LoggingHandler logs hyper-parameters, training statistics, and other useful information during training

Parameters:
  • file_name (str) – File name to save the logs.
  • file_location (str) – File location to save the logs.
  • filemode (str, default 'a') – Logging file mode, default using append mode.
  • verbose (int, default LOG_PER_EPOCH) – Limit the granularity of metrics displayed during training process. verbose=LOG_PER_EPOCH: display metrics every epoch verbose=LOG_PER_BATCH: display metrics every batch
  • train_metrics (list of EvalMetrics) – Training metrics to be logged, logged at batch end, epoch end, train end.
  • val_metrics (list of EvalMetrics) – Validation metrics to be logged, logged at epoch end, train end.
class mxnet.gluon.contrib.estimator.MetricHandler(train_metrics)[source]

Metric Handler that update metric values at batch end

MetricHandler takes model predictions and true labels and update the metrics, it also update metric wrapper for loss with loss values.

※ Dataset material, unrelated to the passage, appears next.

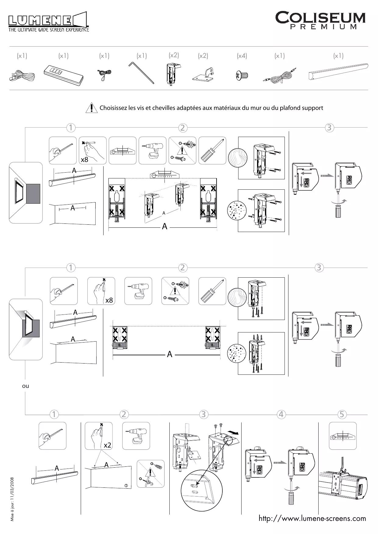 COLISEUM PREMIUM 240C - Support mural pour écran LUMENEREFERENCE - Notice d'utilisation et mode d'emploi gratuit

Validation loss and metrics will be handled by ValidationHandler

Parameters:train_metrics (List of EvalMetrics) – Training metrics to be updated at batch end.
class mxnet.gluon.contrib.estimator.StoppingHandler(max_epoch=None, max_batch=None)[source]

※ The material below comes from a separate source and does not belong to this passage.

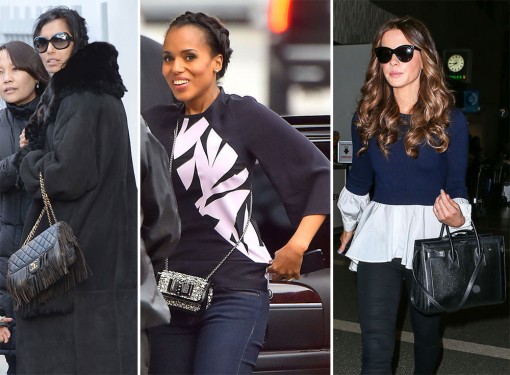 First, we’ll start with the non-Sac-carrying celebs. Here’s Kerry Washington, heading into an appearance on Jimmy Kimmel Live in LA with an adorable mini from Christian Louboutin. The Sweet Charity is one of only a few bags that have lasted the long haul with Louboutin. As I’ve mentioned a few times in recent round-ups, it seems that the majority of their bag designs are being phased out in favor of new models to come.

Stop conditions to stop training Stop training if maximum number of batches or epochs reached.

Parameters:
  • max_epoch (int, default None) – Number of maximum epochs to train.
  • max_batch (int, default None) – Number of maximum batches to train.
class mxnet.gluon.contrib.estimator.ValidationHandler(val_data, eval_fn, val_metrics=None, epoch_period=1, batch_period=None)[source]

Validation Handler that evaluate model on validation dataset

ValidationHandler takes validation dataset, an evaluation function, metrics to be evaluated, and how often to run the validation. You can provide custom evaluation function or use the one provided my Estimator

Parameters:
  • val_data (DataLoader) – Validation data set to run evaluation.
  • eval_fn (function) – A function defines how to run evaluation and calculate loss and metrics.
  • val_metrics (List of EvalMetrics) – Validation metrics to be updated.
  • epoch_period (int, default 1) – How often to run validation at epoch end, by default ValidationHandler validate every epoch.
  • batch_period (int, default None) – How often to run validation at batch end, by default ValidationHandler does not validate at batch end.